When I sit down for my writing sessions, I'm going to write. Trying to get as many words on the page as possible and not become bogged down by details or research. If I wanted to reference a quote or a link but didn't have the specifics down I would create markers in my draft to indicate for me later on during my second draft and rewrite.
This kept my focus on my writing, and later when I had my research sessions I would fill in these notes and add in details to my articles during dedicated research sessions.
# 4 - Imitate others
This goes against Lesson 4 in my 5 Lessons Learned from Writing for 6 Months. I was wrong. Copying other's style of writing can be a great way to learn and improve your own style. As long as you don't plagiarize. He calls it a "stylistic blending" which is "a necessary part of developing one's own style". While working on improving his writing he found writers he enjoyed and wrote like them, while he wasn't able to completely capture the same tone (it's not possible), he was able to improve on his own writing. With this you are "constantly refining (and redefining) your own work" and becoming a better writer in the process.
Take a lesson from King, imitate others to develop your own style.
"This sort of stylistic blending is a necessary part of developing one’s own style, but it doesn’t occur in a vacuum. You have to read widely, constantly refining (and redefining) your own work as you do so."
# 5 - It's all about the story
Grammar and vocabulary is important, you want your piece to be readable but it isn't the only thing to focus on. What should be important is your story, what you are trying to convey. Some writers have extensive vocabulary , while others do not. But the former isn't necessarily a better writer than the latter, the styles are different.
Once you begin publishing your work you will build an audience that is gravitated towards your work. There are readers who enjoy "flowery' language while others prefer things straight to the point. You shouldn't focus too much on deciding which one you want to be, or what particular style.

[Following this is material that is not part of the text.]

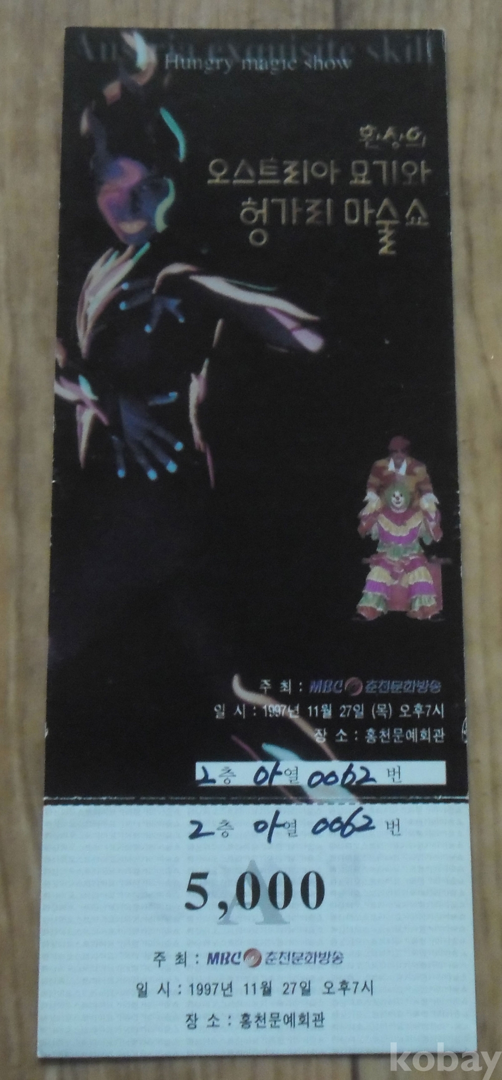 각종 티켓: 1997년 오스트리아.헝가리 마술쇼(홍천문예회관)
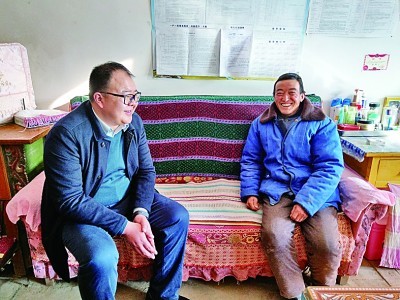 邱军(左)在乔川乡村民家中宣讲扶贫政策(2019年1月25日摄)。新华社发

While everyone has a different style there are grammar conventions that should be followed. One of the most helpful books on this is The Element of Style by by William Strunk Jr. and E.B. White. A short book, less than 100 pages, all about how to write clearly using (American) English to do so. I would highly recommend picking up this book if you would like to improve on your writing.
While King's advice is mainly for aspiring fiction writers, I found it useful. I'm not trying to become the next New York Times best selling fiction writer. The power of storytelling, which King is a master of, is essential for my role as a digital writer and as a data analyst (being able to communicate my data insights to others).